# fin rot and cottony stuff floating around HELP!!!!????



## scott0402 (Jan 30, 2007)

Thanks for reading any help would be appreciated. Without going into major detail of my set up (which is a 75 gallon freshwater close to 10 years old) I am absolutely stumped after bringing home a few additional dojo loaches a couple months ago. The following symptoms began within 48 hours. They keep breaking out in fin rot, and there is some white (cottony, ummmm fluffy, ummmm slimey) stuff that appears to float around and collect on the intake of filter. I am unable to locate any source of this goop, it just kind of floats around, not alot of it by anymeans just enough to notice.

I've been treating with an assortment of antibiotics/antifungals lastly "Binox". And I seem to get them looking healed (though the white goop still appears on intake of filter). When just as I'm about to put carbon back in and think I got the problem licked, BLAM there go the fins looking all ratty again.

I've contacted the store where I bought these last fish imploring for some insight because I am positive that something funky came from his shop. No I was not rude, I understand no one has complete control. Still I was met with deniability. As stated before this tank has been a hobby of mine for years and I've never seen anything like this. The only new factor was a few dojo loaches.

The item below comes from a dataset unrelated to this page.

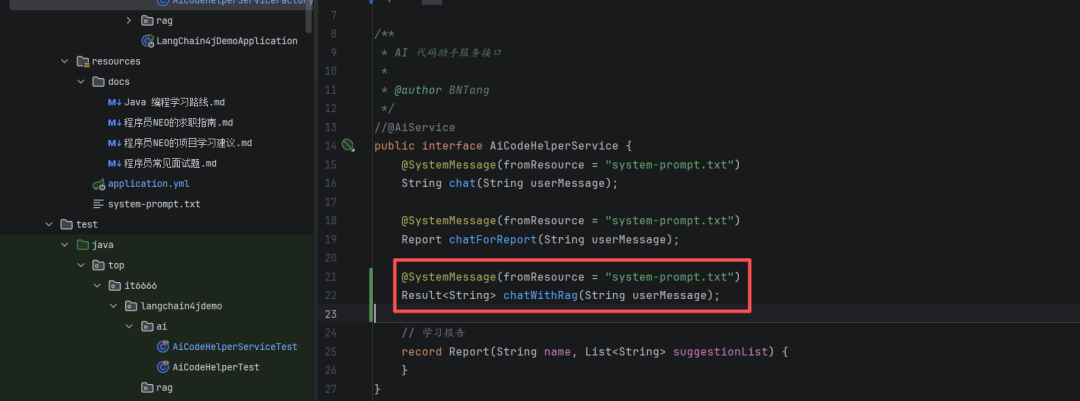 修改 AiCodeHelperService 新增 `chatWithRag`:

In advance thanks again if anyone knows of a disease with these symptoms (fin rot, white goop free floating in water). A treatment is desperately sought after.


----------



## Lupin (Aug 2, 2006)

Hi Scott.:wave:

Can I ask for your pictures? Pictures will help make faster diagnosis.


----------



## scott0402 (Jan 30, 2007)

*pic*

I have tried to post an image but "upload picture" is not working for me?


----------



## Lupin (Aug 2, 2006)

*Re: pic*



scott0402 said:


> I have tried to post an image but "upload picture" is not working for me?


Have you tried the procedures in this link?
http://www.fishforum.com/viewtopic.php?t=2500


----------



## scott0402 (Jan 30, 2007)

Phew ok had to resize and such, thanks. Anyway this was just taken a few moments ago showing the goop on intake. Maybe I can get a better pic later of that. And the loach who looks ratty now dosen't wanna hold still so I don't have a pic of the fish but it simply looks like tattered fins.

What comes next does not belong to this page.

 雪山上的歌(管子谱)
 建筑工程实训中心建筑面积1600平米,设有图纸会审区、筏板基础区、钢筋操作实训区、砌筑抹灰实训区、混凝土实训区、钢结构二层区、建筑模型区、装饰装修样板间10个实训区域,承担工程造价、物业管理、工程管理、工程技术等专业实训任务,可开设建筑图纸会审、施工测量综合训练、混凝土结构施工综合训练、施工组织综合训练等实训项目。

Oh the water is yellow from the binox medicine.


----------



## Lupin (Aug 2, 2006)

I would ask for your water parameters. The white stuff surely can't have been formed due to the binding of the med to the suspended particles in the water, can it?:squint: What are the ingredients of 'Binox'?


----------



## scott0402 (Jan 30, 2007)

all of the water parameters are the same as they have been for years. And fall within safe ranges on tests that I've used.The ingrediants of "binox" are sodium chloride, and nitrofurazone.

The white goopy stuff showed up before any meds were added. Just a reminder I have had this tank up and running for years with no trouble (after learning about checking ph years ago that is). Not over crowded, not aggressive fish. I've had dojo loaches all of this time. I decided to add a couple more dojo loaches and within 2 days fin rot and this white goop have appeared.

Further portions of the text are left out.